*Input data*:
+++

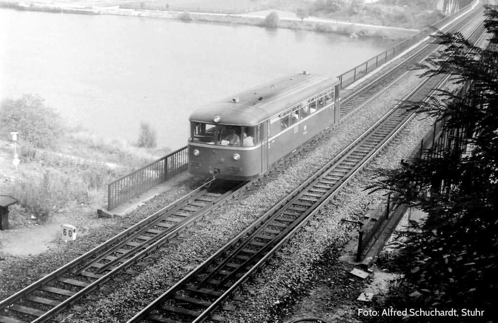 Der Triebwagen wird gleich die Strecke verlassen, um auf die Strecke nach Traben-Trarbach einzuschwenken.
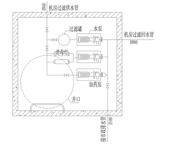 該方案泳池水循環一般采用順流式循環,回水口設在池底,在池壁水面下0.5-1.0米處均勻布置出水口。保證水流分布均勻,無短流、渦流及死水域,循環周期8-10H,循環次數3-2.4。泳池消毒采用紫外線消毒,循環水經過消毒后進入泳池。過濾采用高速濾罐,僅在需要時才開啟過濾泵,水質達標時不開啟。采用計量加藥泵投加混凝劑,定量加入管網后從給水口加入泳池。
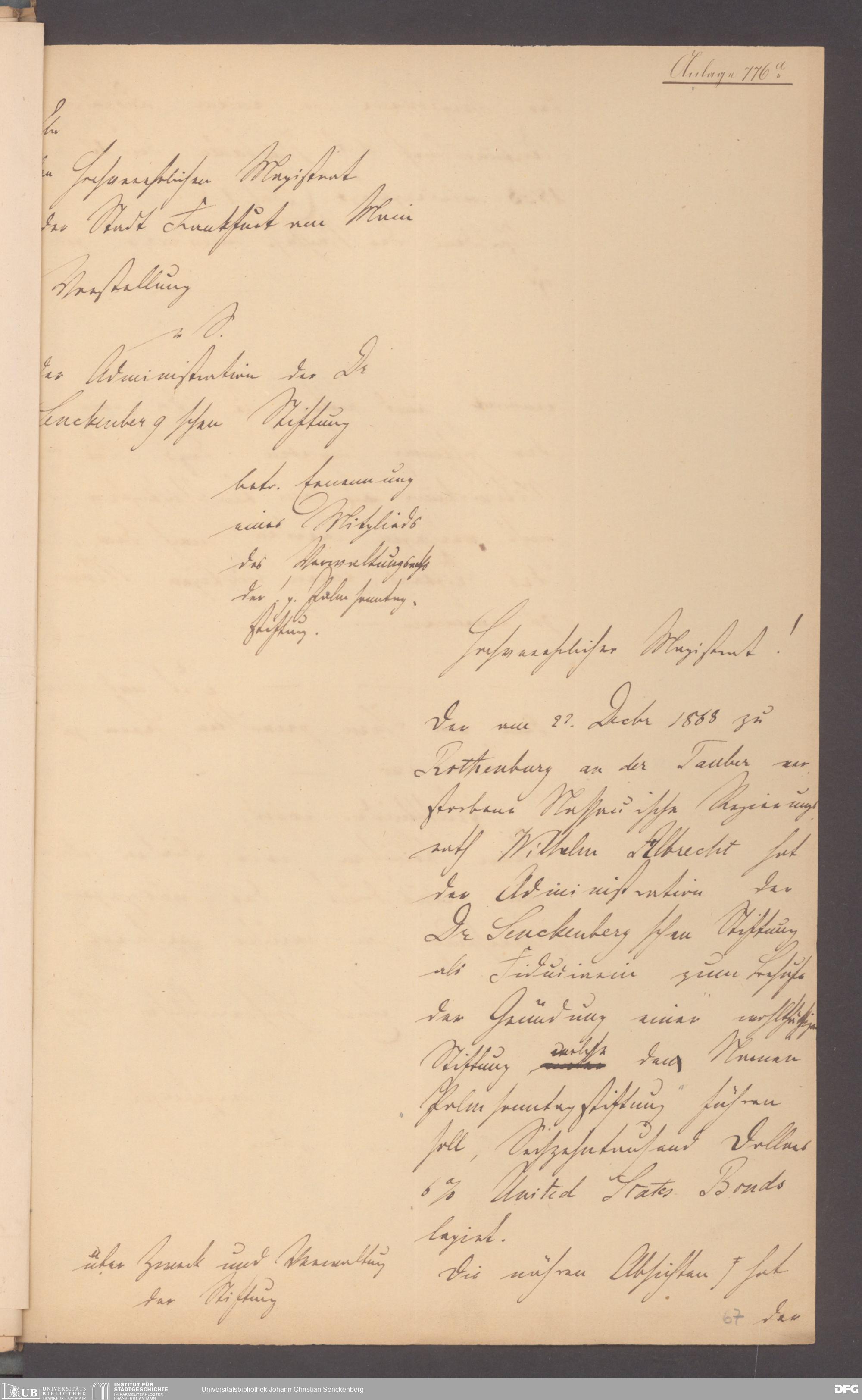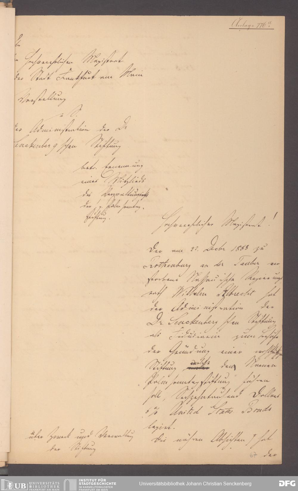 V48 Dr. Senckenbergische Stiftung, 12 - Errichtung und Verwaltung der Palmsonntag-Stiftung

+++

The result should be the listing above, restated exactly, with no pictures in it.

*Your response*:
 Der Triebwagen wird gleich die Strecke verlassen, um auf die Strecke nach Traben-Trarbach einzuschwenken.
 該方案泳池水循環一般采用順流式循環,回水口設在池底,在池壁水面下0.5-1.0米處均勻布置出水口。保證水流分布均勻,無短流、渦流及死水域,循環周期8-10H,循環次數3-2.4。泳池消毒采用紫外線消毒,循環水經過消毒后進入泳池。過濾采用高速濾罐,僅在需要時才開啟過濾泵,水質達標時不開啟。采用計量加藥泵投加混凝劑,定量加入管網后從給水口加入泳池。
 V48 Dr. Senckenbergische Stiftung, 12 - Errichtung und Verwaltung der Palmsonntag-Stiftung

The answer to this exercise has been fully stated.